In 1995, software engineer Craig Newmark created an e-mail distribution list to notify fellow software developers of social events in and around San Francisco. As a newcomer to the Bay Area, Newmark thought this list of fellow geeks might be a good way for him to quickly build a community of friends and contacts and escape the sense of isolation that often accompanies a move to a new town. While Newmark intended the list to be a vehicle to broadcast social gatherings, serendipity took the budding Internet community in a very different direction when the growing list of subscribers began using the mailing list for general advertising postings. In particular, people who were looking to fill jobs discovered that the list was a great way to connect with job seekers possessing the skills they needed. In early 1999, as the popularity of the powerful classified advertising tool began to explode, Newmark was able to quit his regular job and work full-time running a new company he called Craigslist. Over the next few years, what began as a tool for meeting people became the deadliest competitor the newspaper industry had ever encountered when one of the industry’s primary revenue sources rapidly evaporated. A new business model for classified advertising had emerged and had completely disrupted the conventional way of doing business.
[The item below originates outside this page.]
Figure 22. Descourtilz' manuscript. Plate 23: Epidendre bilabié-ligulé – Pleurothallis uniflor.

Because its managers failed to recognize the paradigm shift, the reign of the newspapers as the kings of classified advertising was gone forever.
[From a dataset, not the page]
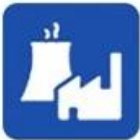
Industrial water application
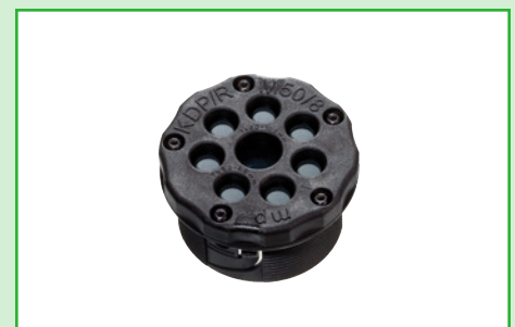
Cable Entry Plate Round

When a paradigm shifts occur on a large social scale—as is the case today with the sudden and rapid emergence of the Digital Age—there is a period of time when both the fading and the emerging mindsets coexist. This coexistence is rarely smooth because large-scale paradigm shifts, by their nature, are highly disruptive. As a practical matter, this time of transition creates unique and unprecedented challenges for many managers because they find themselves caught between two worlds. On the one hand, because they work closely with younger workers who, as digital natives, are fully versed in digital technology and its new ways of thinking and acting, managers intuitively grasp—even though they may not fully understand—that the world is rapidly changing. On the other hand, these managers must continue to please a corps of senior executives who are essentially digital strangers and who remain fully invested in the old ways of Industrial Age thinking.
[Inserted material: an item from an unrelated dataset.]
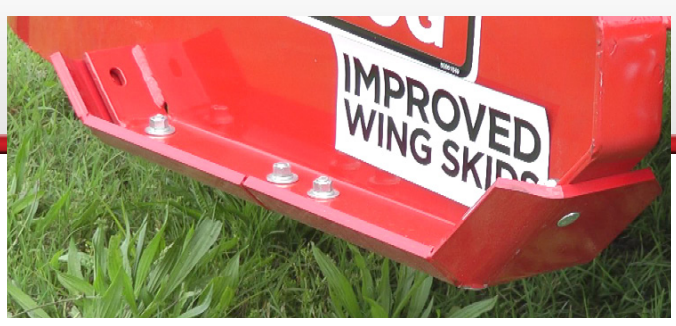
The wing skids are in two pieces for more economical replacement and the 45 degrees of up- turn allows the skid to float over the ground instead of gouging in. This prevents possible damage to the sideband.

The successful managers in today’s transitioning times are those who know how to skillfully navigate between these two worlds. They are the digital immigrants who, like the younger digital natives, are very conversant in digital technology. However, unlike their younger colleagues, the new technology is not hard-wired into their natural thinking. Thus, rather than being second nature—as is the case with the digital natives—the digital immigrant’s relationship with the new technology is more like a second language. Because these managers are proficient in understanding the ways of thinking and acting in both the old and the new worlds, they have an important role to play in guiding their organizations through the unprecedented challenges that accompany a large-scale paradigm shift. As digital immigrants, they are uniquely positioned to transition their organizations from old to new ways of thinking by translating the realities of our new digital world into language that their senior leaders can understand and act upon. In our rapidly changing times, whether or not companies in other industries escape the fate of the companies in the newspaper industry will likely depend upon how adept their digital immigrant managers are at navigating their organizations through a very real paradigm shift.